HawkScan can now intercept the HTTP traffic from any software development tool that supports proxy configuration. Discover your web application with Postman Collections, Cypress test suites, and even Curl commands.

HawkScan users with Postman Collections can discover more of their scanned application with new configuration for Postman Scan Discovery.

Documentation has been added describing Scan Discovery the process for spidering and discovering your web application with HawkScan.

You can supply a list of custom variables for each parameter in your OpenAPI definition, and HawkScan will randomly inject a variable from the corresponding list when scanning your API.

Scan Tags are name value pairs that represent metadata you can use to capture additional state or context around a scan.

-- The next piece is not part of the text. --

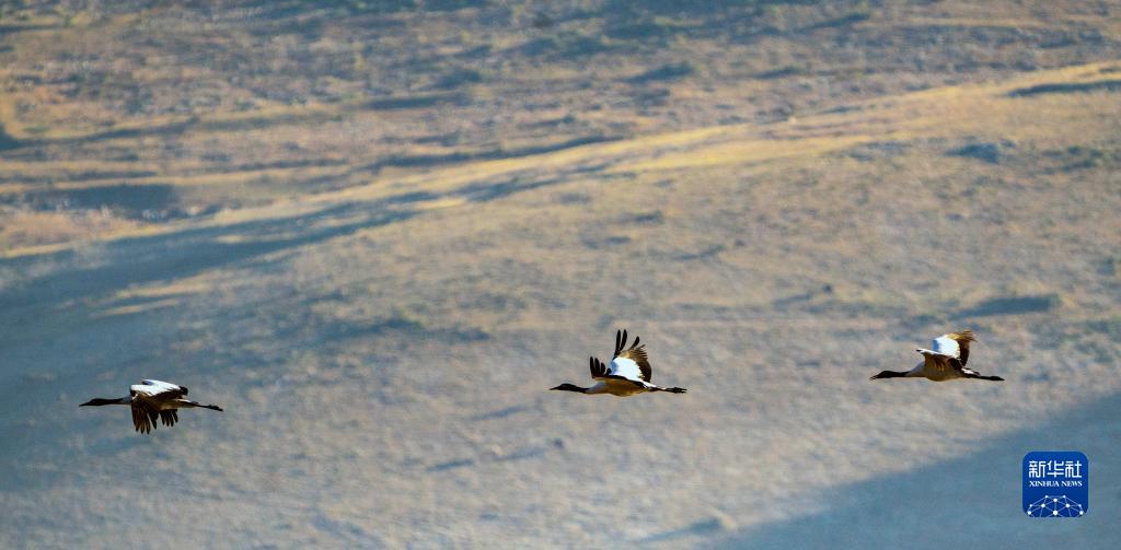 10月29日,黑頸鶴飛翔在納帕海上空。

When run with the --debug flag, the CLI banner now displays additional information on the current scan.

Certain fields around GraphQL and auth scripts were not being validated properly. These fields are now properly validated.

Fixed classpath construction issues with the ZAP subprocess in Windows environments.

HawkScan will now terminate a scan when an active script fails.

Cookies scoped to the domain of the application being scanned are now passed to the application correctly. For instance, *.example.com vs app.example.com.

Fixed several bugs that caused spontaneous page hangs or crashes in the StackHawk UI.

Generate reports summarizing your most recent scans across all applications and environments.